Against my better judgement we got the sandals. Fana seemed happy. 

The next time I saw her she wasn’t wearing the sandals. She was wearing her old tattered shoes. Didn’t she like them? Had she lost them? Had she sold them? I didn’t ask her about them because I wasn’t sure I wanted to know the answer. 

C.S. Lewis wrote, “I do not believe one can settle how much we ought to give. I am afraid the only safe rule is to give more than we can spare.” 

I saw someone who needed shoes and I gave her shoes. I saw a need and honed in on a practical solution. That’s a good thing, right? But giving Fana a pair of shoes was well within the realm of what I could spare. It didn’t stretch me or challenge me. It didn’t necessitate time or attention—things that are much harder for me to part with.

I have written a quote on a chalkboard in my house by French philosopher Simone Weil. It reads, “Attention is the rarest and purest form of generosity.” My giving was more of a knee-jerk-reaction to a need than an act of generosity. 

Over the course of many months of driving her to and from church and talking with her on the phone I did have more time with Fana. I learned of her sadness in losing her children. I heard her story of how she traded one world of suffering for another. I saw her frustration with her inability to understand the language and the place she now found herself in. I saw that in her tattered old purse that carried bits of plastic bags, random found objects, and what seemed like trash, she also carried the beautifully intricate beaded jewelry she made. 

St. Paul wrote in 1 Corinthians 13:3 that “though I bestow all my goods to feed the poor … but have not love, it profits me nothing.” 

Fana needed so much—a home, a job, her family restored, her mind restored, and even some new shoes. But what I failed to understand till much later was that what she enjoyed about going to the store to pick out those shoes was the attentiveness that was offered to her then. 

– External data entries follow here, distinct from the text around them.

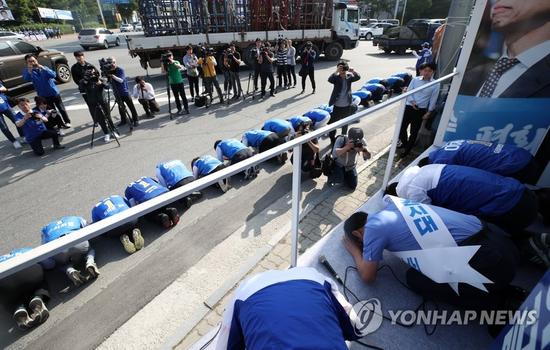 而当天在江原道春川市街头,多位共同民主党候选人磕头拉选票的活动,则受到了众多记者的围观。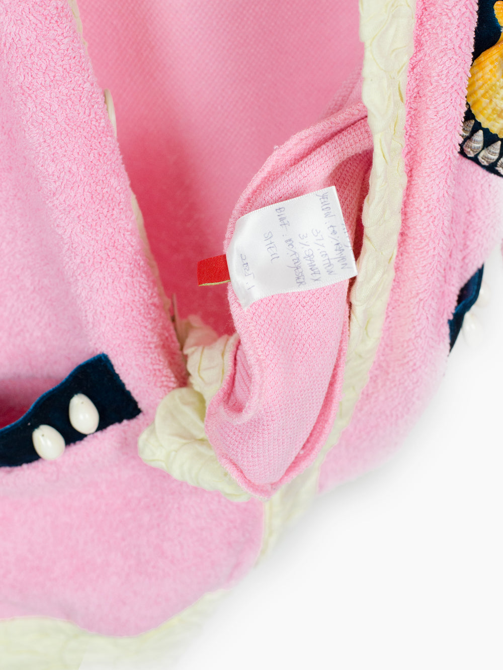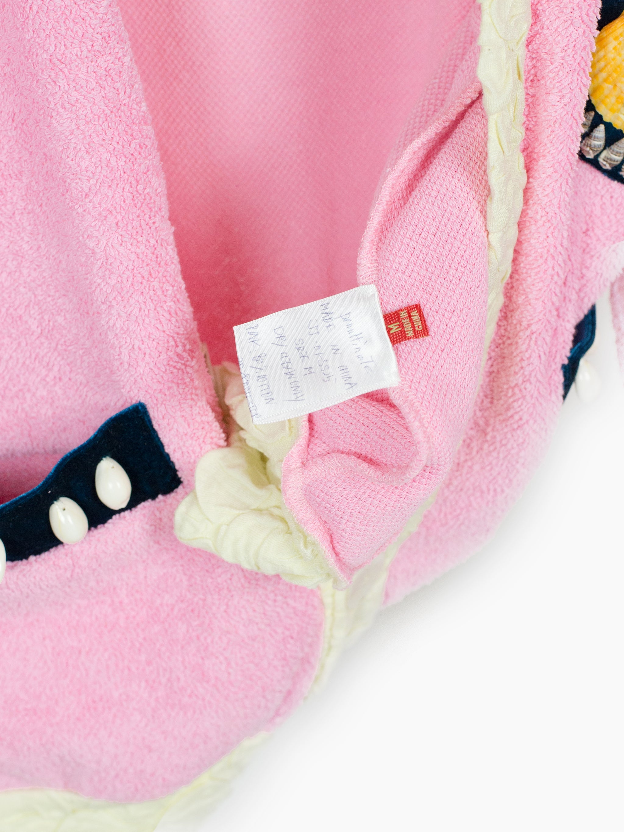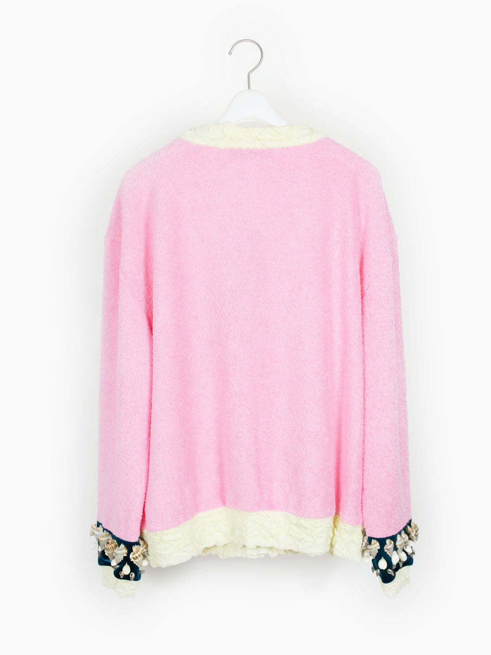 Pink towel terry cardigan with ruffled white and navy velour trim. Hand sewn shell details at cuffs, chest, and waist pocket welts.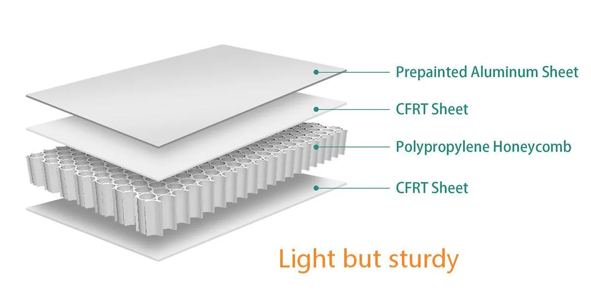 ●Pətək həlli: Həddindən artıq yüngülləşdirmə. Kompozit panellərimiz poladdan bərabər və ya daha çox güc təklif edir bədən çəkisini 30% -dən 50% -ə qədər azaltmaqla.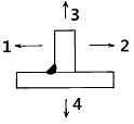 다음 [그림]과 같이 필릿용접을 하였을 때 어느 방향으로 변형이 가장 크게 나타나는가?
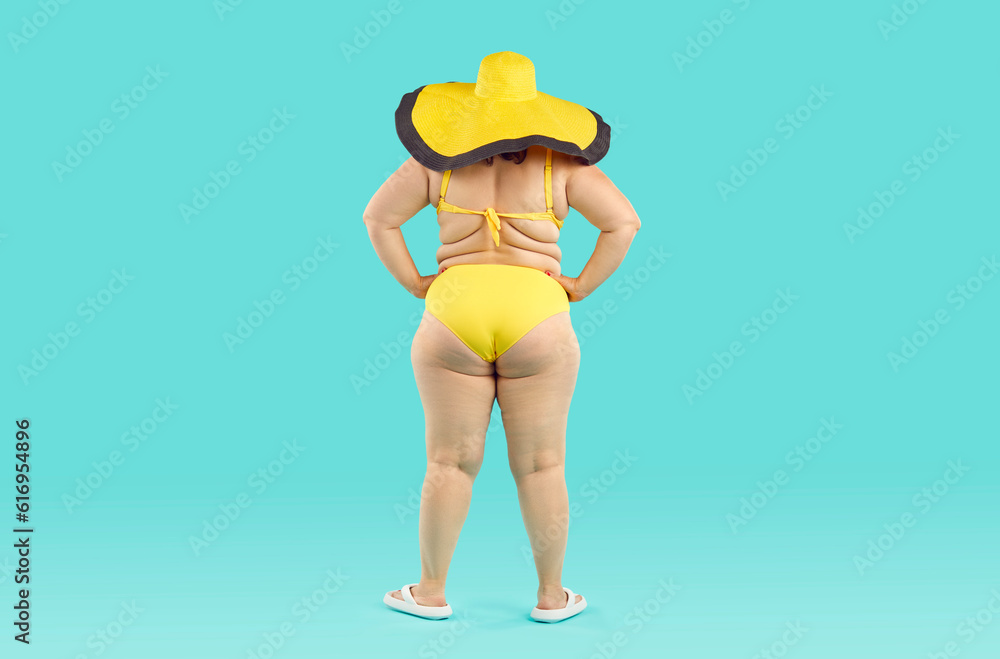 Back view fat woman in bikini and sunhat. Funny overweight plus size lady wearing yellow swimsuit Very well made.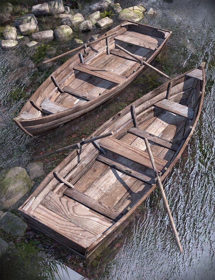 Old Rowboat includes a boat figure with rigged oars for your characters, as well as a prop version. Also included is three broken boat props; a ruined hull, a bow and a stern. Two textures sets, one clean and new and one weathered, completes the set.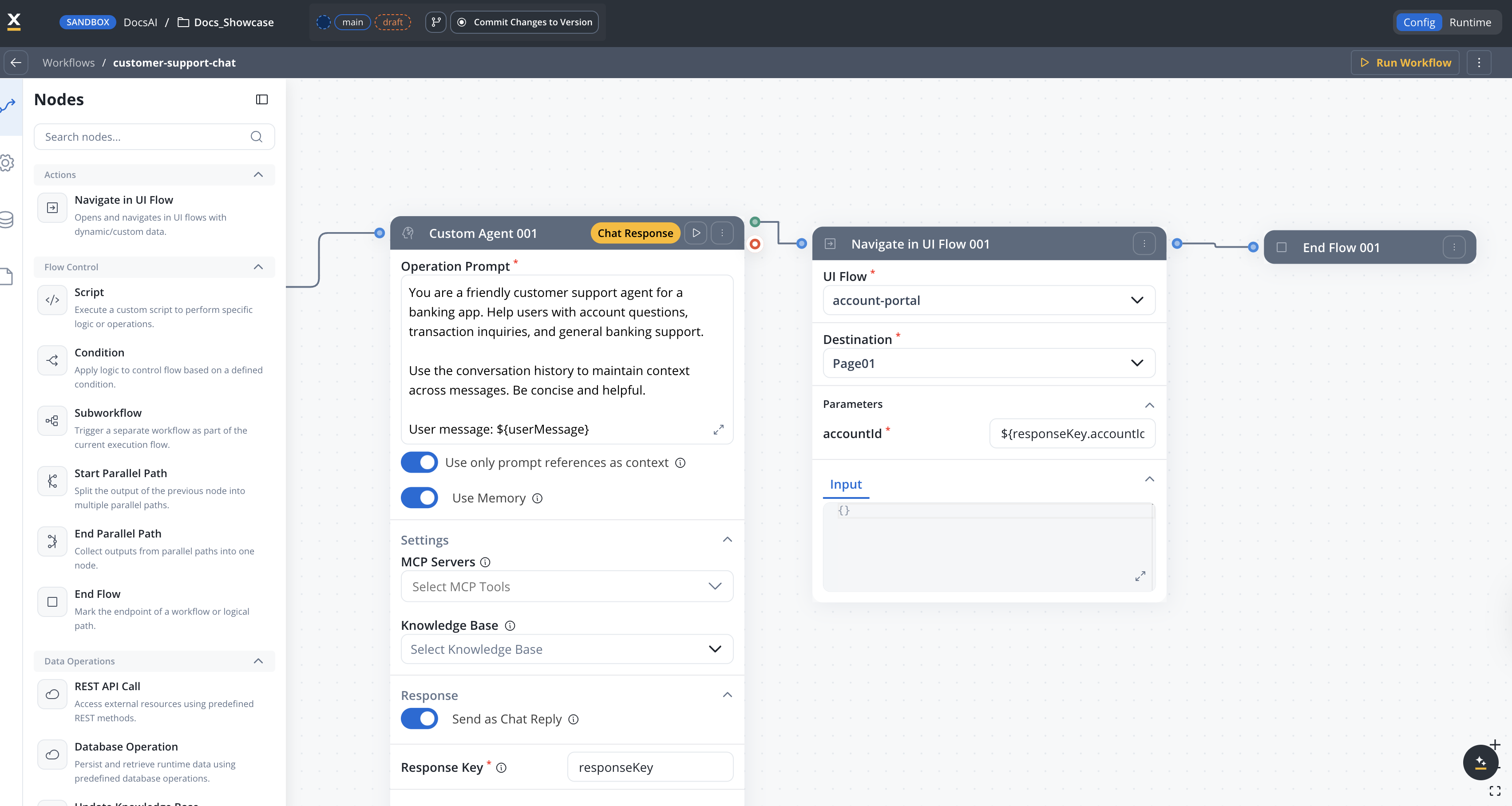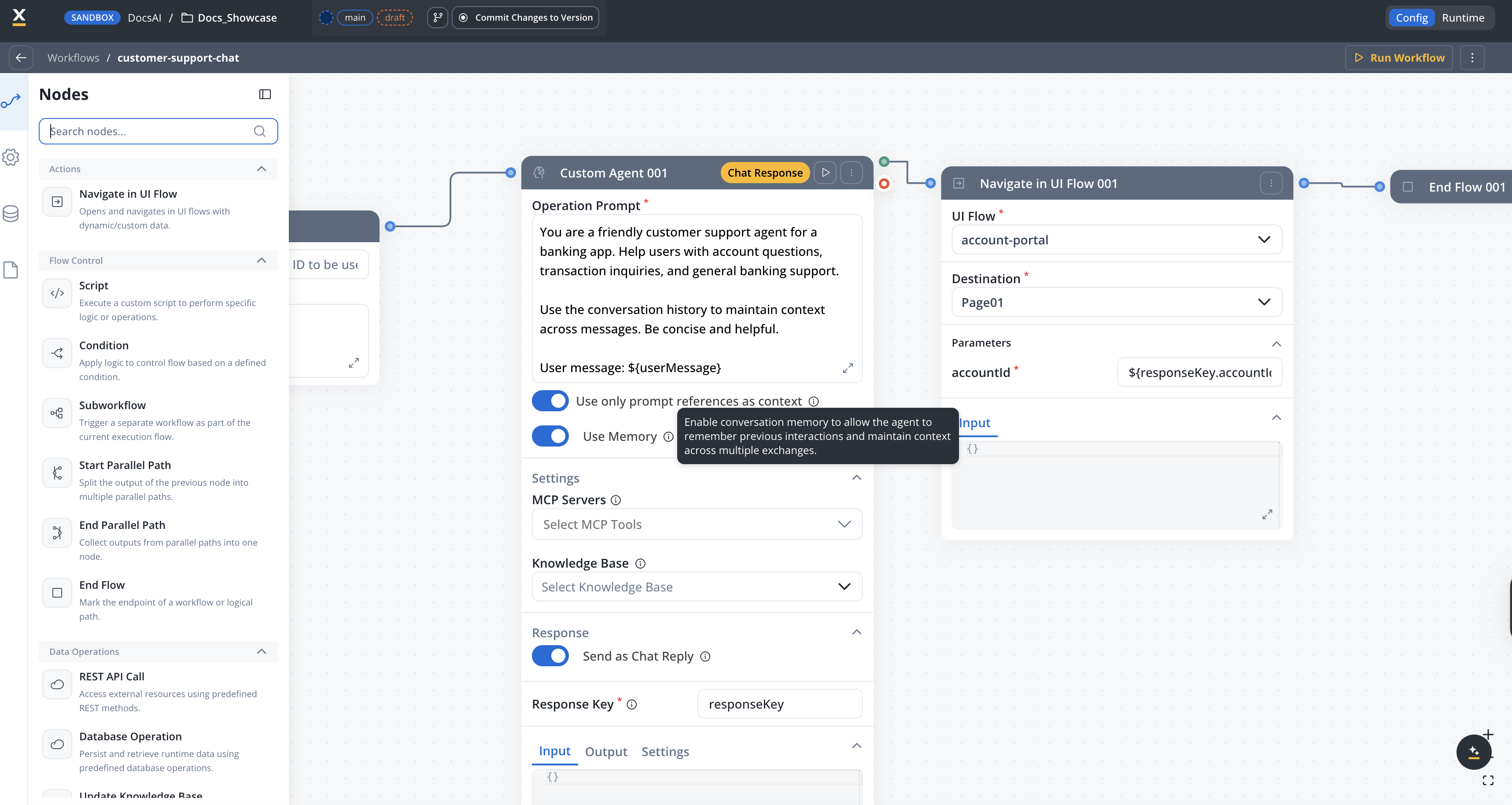 | Response delivery | Direct chat reply from Custom Agent nodes | Output on End node |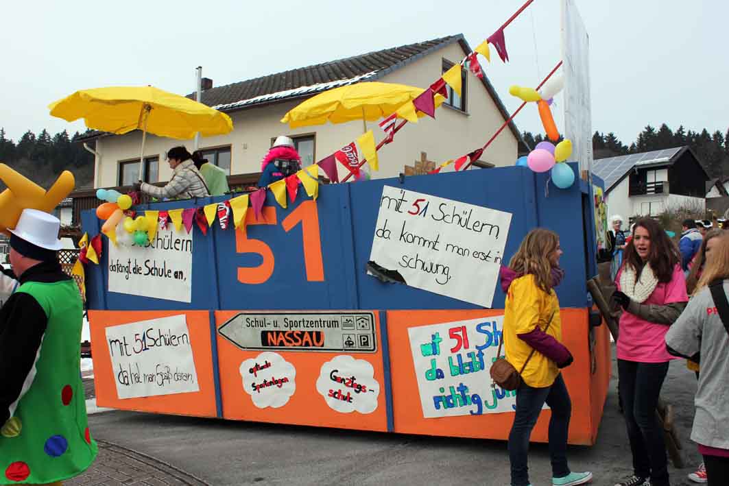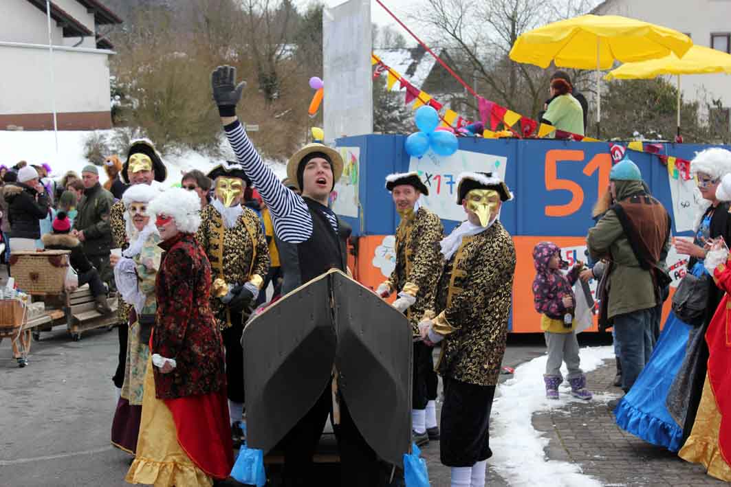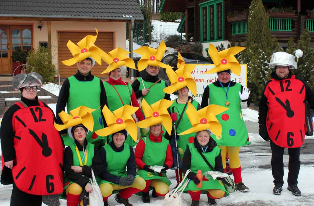 Zwei Motivwagen und sechs Fussgruppen mit 130 Aktiven bildeten den närrischen Lindwurm, der sich an Rosenmontag ungefähr eine Stunde durch Winden schlängelte. Hippies aus Sulzbach und der Motivwagen der Nassauer Schule sowie Windkrafträder aus dem Hunsrück machten in Winden Station. Selbst eine venezianische Gondeltruppe hatte den Weg von Italien in die Höhengemeinde nicht gescheut. Drei Bienenköniginnen klärten über das Leben der Bienen auf, Weihnachtsbäume tummelten sich im Straßenkarneval. Allen voran schritt der Elferrat, und die Gymnastikfrauen feierten mit Andrea Berg. Auch das Rodeln mit anschließender Gaudi kam nicht zu kurz. Rundherum ein schöner Zug vor einem bestens gelaunten Publikum.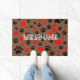 Zeichnungen von Hundepuppprints und roten Herzen in vielen Größen. Benutzerdefinierte Türen mit einer Begrüßungsnachricht. Braune Hintergrundversion. Geschenke Idee für Menschen aller Altersgruppen, die Liebe Hunde.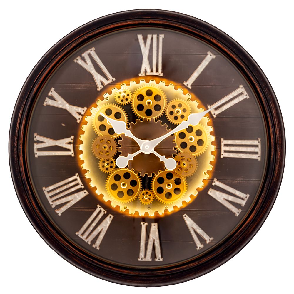 Ρολόι τοίχου με φώς 57εκ πλαστικό καφέ με γρανάζια με ασύρματη σύνδεση με επιλογή 3 χρωμάτων.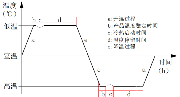 熱循環(huán)試驗是一種利用高低溫交變濕熱試驗箱對試驗產(chǎn)品進行的預(yù)設(shè)高低溫交替的應(yīng)力考核,用以驗證材料和產(chǎn)品是否達到在研發(fā)、設(shè)計、制造中預(yù)期的質(zhì)量目標的一類可靠性試驗。通過大溫變速率可暴露產(chǎn)品潛在的材料與性能缺陷,經(jīng)過不斷地質(zhì)量改進,達到可靠性提升的目的。航天單機類產(chǎn)品一次熱循環(huán)示意圖見下圖1所示。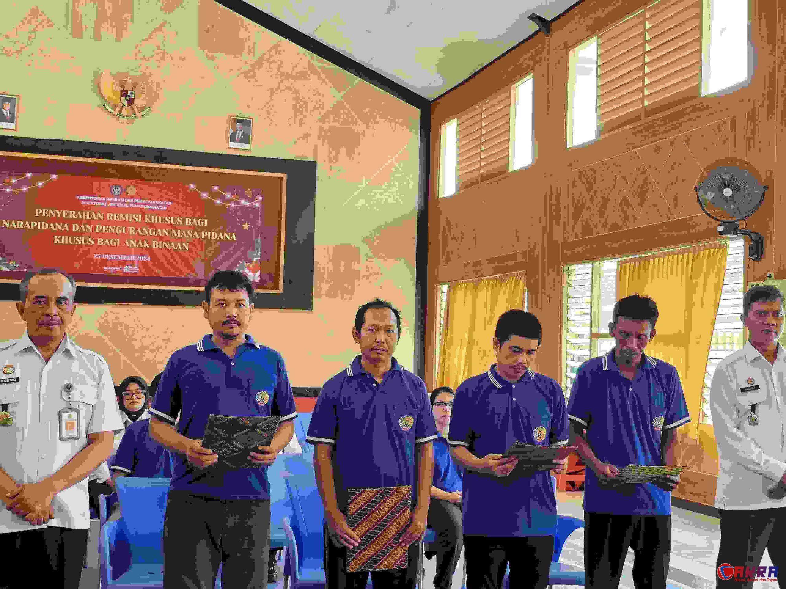 Bojonegoro||www.cakra.or.id|| – Lembaga Pemasyarakatan (Lapas) Kelas IIA Bojonegoro menggelar acara pemberian Remisi Khusus Natal dan Pengurangan Masa Pidana Khusus Natal bagi Narapidana dan Anak Binaan pada Rabu, 25 Desember 2024. Kegiatan ini dilaksanakan secara daring melalui zoom meeting mengikuti kegiatan yang diselenggarakan oleh Direktorat Jenderal Pemasyarakatan yang berpusat di Lapas Kelas IIA Perempuan Bandung.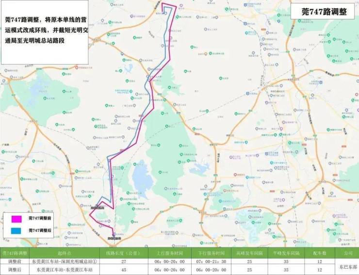 莞747线调整为东莞黄江车站-东周小学-东莞黄江车站,单环线。

Giving that is separated from love is empty. And generosity without attention is common and limited.

Fana is not unlike others I have met through Reconciliation Services. Trauma, displacement, abuse, poverty, mental illness, sickness, and addiction rob people of their dignity and so much more. By honoring and deeply respecting people, Reconciliation Services labors to cultivate true veneration for the people it serves. It is a generosity that is born out of attentiveness and it goes far beyond a quick fix for an immediate need. 

Fana has moved to another state. We have talked on the phone a few times since she moved. I never did see her wear those silly sandals. But in the end it wasn’t about me giving her the shoes I thought she needed—the quick fix. In the end, I needed to see that the most generous gift I could offer her was attention.